**Dataset:**
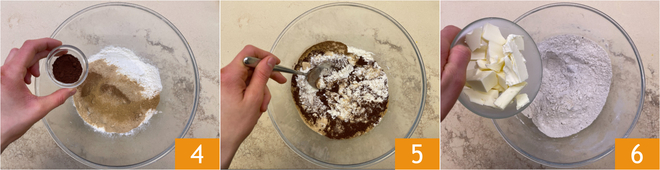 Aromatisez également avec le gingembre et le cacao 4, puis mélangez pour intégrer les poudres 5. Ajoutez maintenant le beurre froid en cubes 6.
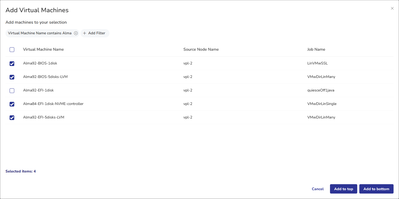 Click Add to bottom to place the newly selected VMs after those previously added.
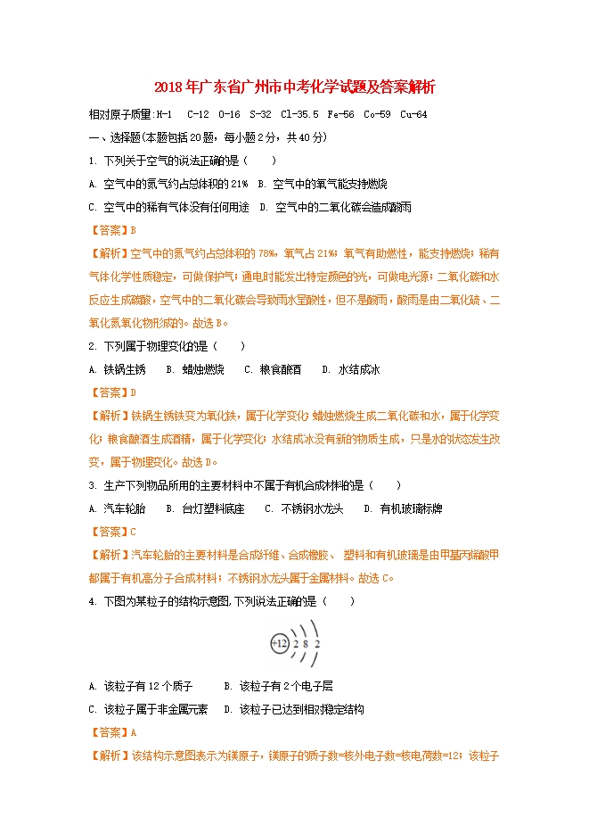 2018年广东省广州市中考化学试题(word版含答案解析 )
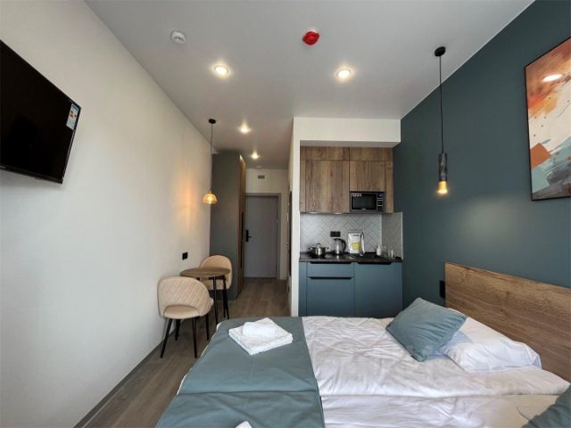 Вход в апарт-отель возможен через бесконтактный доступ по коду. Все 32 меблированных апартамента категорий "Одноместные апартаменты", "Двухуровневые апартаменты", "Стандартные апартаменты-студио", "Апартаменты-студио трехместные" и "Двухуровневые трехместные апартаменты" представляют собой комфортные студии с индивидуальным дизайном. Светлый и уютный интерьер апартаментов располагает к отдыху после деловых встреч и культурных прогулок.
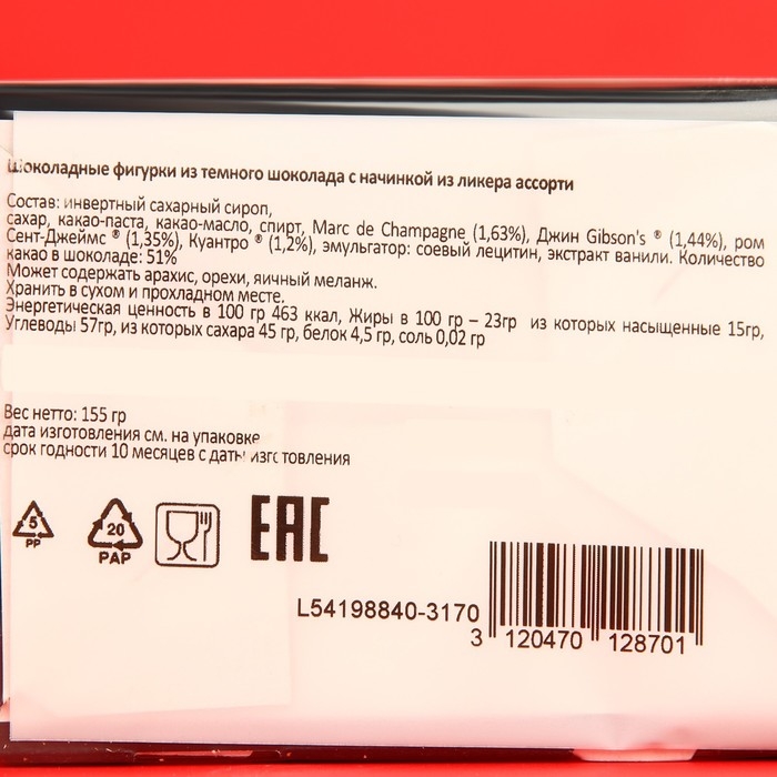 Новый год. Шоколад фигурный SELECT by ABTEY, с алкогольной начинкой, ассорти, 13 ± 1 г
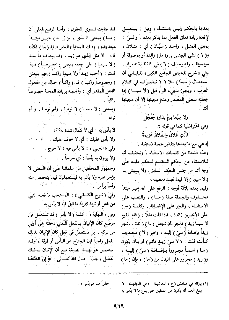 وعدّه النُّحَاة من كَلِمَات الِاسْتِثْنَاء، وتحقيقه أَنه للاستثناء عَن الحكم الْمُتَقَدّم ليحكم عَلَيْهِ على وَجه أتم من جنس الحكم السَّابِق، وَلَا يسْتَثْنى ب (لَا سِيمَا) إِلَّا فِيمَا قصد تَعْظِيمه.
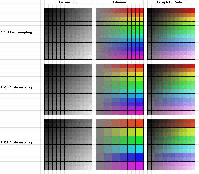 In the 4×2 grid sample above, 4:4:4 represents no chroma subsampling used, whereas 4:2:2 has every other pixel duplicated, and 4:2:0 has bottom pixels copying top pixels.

**Task statement:**
In the records above, find the line that contains "وعدّه النُّحَاة من". Retype it and every line after it, exactly, leaving out all pictures.

**Your solution:**
 وعدّه النُّحَاة من كَلِمَات الِاسْتِثْنَاء، وتحقيقه أَنه للاستثناء عَن الحكم الْمُتَقَدّم ليحكم عَلَيْهِ على وَجه أتم من جنس الحكم السَّابِق، وَلَا يسْتَثْنى ب (لَا سِيمَا) إِلَّا فِيمَا قصد تَعْظِيمه.
 In the 4×2 grid sample above, 4:4:4 represents no chroma subsampling used, whereas 4:2:2 has every other pixel duplicated, and 4:2:0 has bottom pixels copying top pixels.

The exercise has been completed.